Investigate usage of DataClasses, TypedDicts for e.g. requests in RequestQueue #64

Closed
jirimoravcik opened this issue Feb 13, 2023 · 10 comments
Assignees
Labels
debt Code quality improvement or decrease of technical debt. solutioning The issue is not being implemented but only analyzed and planned. t-tooling Issues with this label are in the ownership of the tooling team.

Comments

@jirimoravcik
Copy link
Member

We should check possible ways how to pass data to storages. The current dicts are not very user-friendly and provide no type-safety or hints. One interesting option is a dataclass, asdict https://docs.python.org/3/library/dataclasses.html#dataclasses.asdict can be used to convert data to a dict that can be sent using clients.

Another interesting possibility is a TypedDict, it can work nicely for return types that have fixed members.

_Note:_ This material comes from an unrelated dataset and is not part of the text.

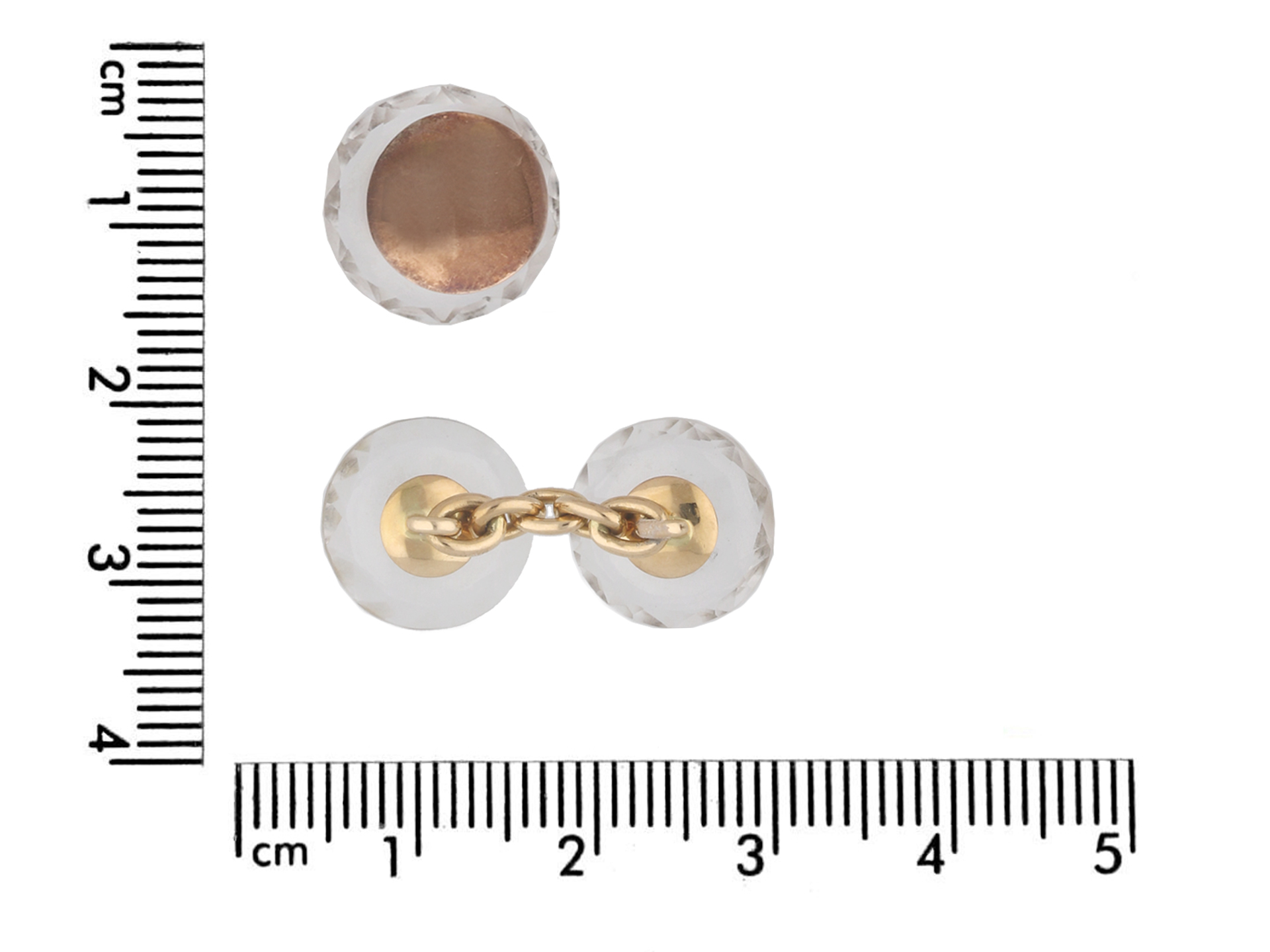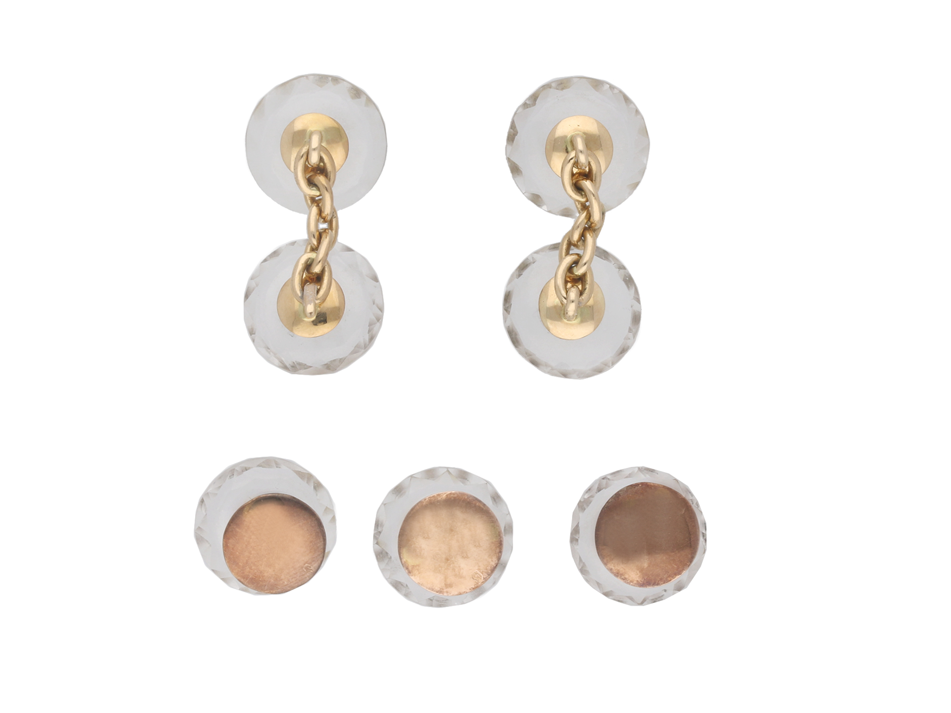 Gentleman’s rock crystal and diamond dress set. A matching dress set comprising of of a pair of cufflinks and three studs, each cuff link set with two round old cut diamond in a closed back rubover settings, four in total with a combined approximate weight of 0.16 carats, the three studs set with a round old cut diamond in a closed back rubover setting, three in total with a combined weight of 0.12 carats. The total approximate diamond weight is 0.28 carats, the cuff links composed of a circular rock crystal plaque with faceted edges and matte centre, the reverse mounted with a secure oval chain link fitting, the studs composed of a matching circular rock crystal plaque with faceted edges and matte centre, the reverse mounted with a secure polished gold circular stud, cufflinks measure approximately 2.5cm in length, studs measure 1.8cm in width. Marked 18 carat yellow gold, settings tested platinum, French, circa 1910, accompanied by a fitted box.
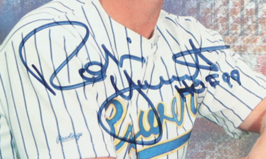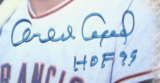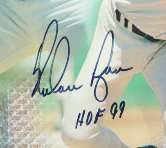 Custom frame measures approximately 27" x 38" in size and features an art print that has been hand-signed and inscribed by (4) Nolan Ryan, George Brett, Robin Yount, & Orlando Cepeda. Please refer to photos regarding the condition of the item.

@jirimoravcik jirimoravcik added enhancement New feature or request. low priority Low priority issues to be done eventually. solutioning The issue is not being implemented but only analyzed and planned. t-platform Issues with this label are in the ownership of the platform team. labels Feb 13, 2023
@jirimoravcik
Copy link
Member Author

Possibly check https://www.attrs.org/en/stable/index.html

@fnesveda
Copy link
Member

I was playing with this a bit now, because I'm not a fan of how the API client returns generic dictionaries without any types, and because accessing deeply nested values in responses is quite annoying, and I managed to make a custom dataclass which accepts extra argumens (so that if we ever add fields to the API it won't break the dataclass).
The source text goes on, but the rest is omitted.